WWRS-TV
WWRS-TV is a religious television station licensed to Mayville, Wisconsin, United States, serving the Milwaukee and Madison areas as an owned-and-operated station of the Trinity Broadcasting Network. The station's transmitter is located in Hubbard. WWRS-TV's signal covers much of southeastern and south-central Wisconsin, along with extended cable coverage throughout the area.
History
The station was formerly owned by National Minority Television, a de facto subsidiary of TBN that was used by the network to circumvent the Federal Communications Commission 's television station ownership restrictions. While TBN founder Paul Crouch was NMTV's president, one of its directors was African American and the other was Latino, which met the FCC's definition of a "minority-controlled" firm. In mid-2008, the station and its NMTV sisters came directly under TBN ownership.Like most TBN stations, WWRS simulcasts the TBN national feed for most of the day. TBN typically buys full-power stations mainly to get must-carry status on area cable systems, even though it offers almost no locally produced programming. However, WWRS airs FCC-required public affairs programming from its Brookfield studios, with a nominal presence retained in at the station's transmitting facility and former main studio in Iron Ridge. The station also airs church services from throughout the area, usually on Friday morning.

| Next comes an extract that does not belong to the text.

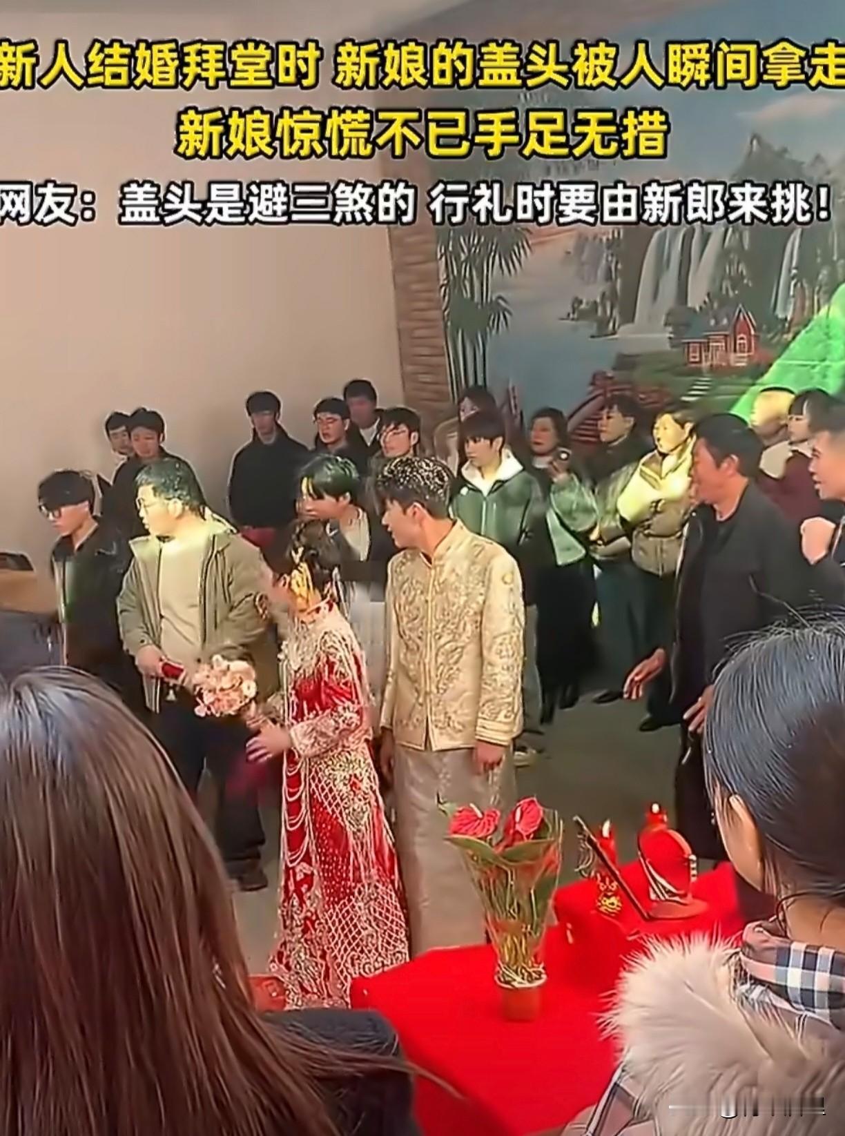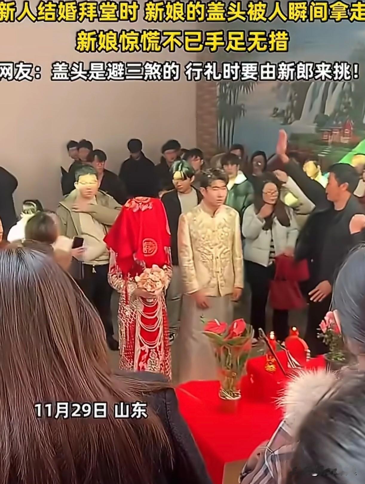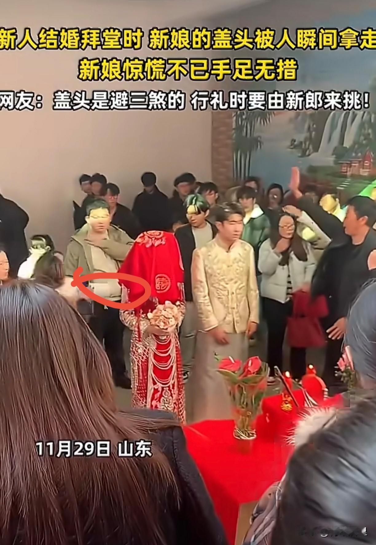 这么大的年龄,还这么没规矩,手还这么不老实[what]。 山东一对新人结婚,在拜堂的时候,旁边一大妈直接伸手把新娘头上的盖头扯掉就走,旁边的人硬拉着才把盖头抢过来给新娘重新盖上。 红盖头是有特殊寓意的,是要由新郎揭开的。这大妈这一下,直接给人家一天的好心情给扯没了。还是新人脾气好,遇到脾气差的,直接给她轰出去。

Charter Communications, the dominant cable provider in the Madison area, and several communities in the Milwaukee area before the 2017 purchase of Time Warner Cable and merge into Spectrum, added TBN and all of its digital subchannels to its systems in the area beginning late August 2007, within the provider's digital family tier of channels. However, beyond must-carry situations where WWRS-DT1 must be carried on limited basic cable tiers in appropriate markets, the signal comes direct from TBN to the Spectrum headend, not through WWRS.